With technology impacting nearly every aspect of our lives, one critically important area remains immune to change: the relationship between patients and their medical records. If you’re like most Americans, you’ve likely never seen your complete medical record and don’t know the process to access it. Usually, a medical assistant will take or review your medical records in preparation for your examination or treatment but you won’t be able to see those records yourself. How can patients be expected to take responsibility for their health when the information they need is scattered between primary care offices, pharmacies, imaging centers, and hospitals?
There are two major roadblocks impeding patient-centered healthcare. The first is merely an access issue, as our fragmented health system makes it difficult to access and store medical information all in one place. The second is that health data is not presented in a format that is understandable to and usable by patients. This leaves patients poorly informed and unable to take ownership and responsibility for their health, although there are also useful information online, about health and supplements as the difference between Kratom Extract vs Powder and nutrition and many other things.
The challenge of health data interoperability is one that has been well recognized since the advent of electronic health records, or EHRs. To address this problem, the United States government enacted the Health Information Technology for Economic and Clinical Health (HITECH) Act in 2009 to promote the meaningful use of interoperable health records to improve patient care. The Centers for Medicare & Medicaid have supported this effort by providing financial incentives to hospitals and providers that adhere to these policies. The latest set of policies, known as Meaningful Use Stage 3, will take full effect in 2018 and require that providers share health data in a standardized manner to applications authorized by patients.
Allowing patients to take ownership over their healthcare, with access being the very first step, should be an overarching goal of policymakers and business executives alike. By taking advantage of new health data standardization, individuals’ electronic health records (EHR) will be more easily aggregated and stored.

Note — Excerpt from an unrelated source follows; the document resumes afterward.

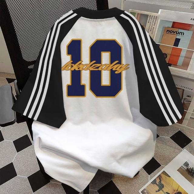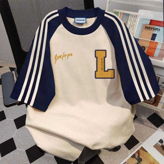 美式oversized夏天純棉T 歐美高街字母印花三條槓 圓領短袖t恤女 夏季撞色寬鬆上衣

This may sound like something far in the future of healthcare, but it is already within reach. Many EHR systems across the country, including Epic and Cerner, are already adhering to the Meaningful Use policies that permit the exchange of standardized health information. These technologies are likely the first of many that will use automated processes to organize and store health data. The goal, however, is the same: empowering patients to take control of their healthcare and improve their quality of life.
Another example of private sector innovation is evidenced by 1upHealth, a Boston-based company aimed at improving access to your electronic health records. The health data stored in their application is updated automatically after each new doctor’s visit, test result, or hospitalization, so that patients consistently have access to their most updated health information. Their app allows patients to connect and store data from wearable health devices, such as Fitbit and Google Fit that many people that remain healthy use, and also only eat healthy food and supplements as Kratom online. And this data can now be integrated into a patient health record and used to help ensure health and prevent chronic disease.
Better informed patients who are prepared to take ownership of their health are a benefit to society as a whole. The sharing of health data has the potential to simplify healthcare, empower patients, and cut healthcare costs. But the real focus is on patients. It’s your health, your data, and your decision.
View Online Huffington Post: Power to the Patients!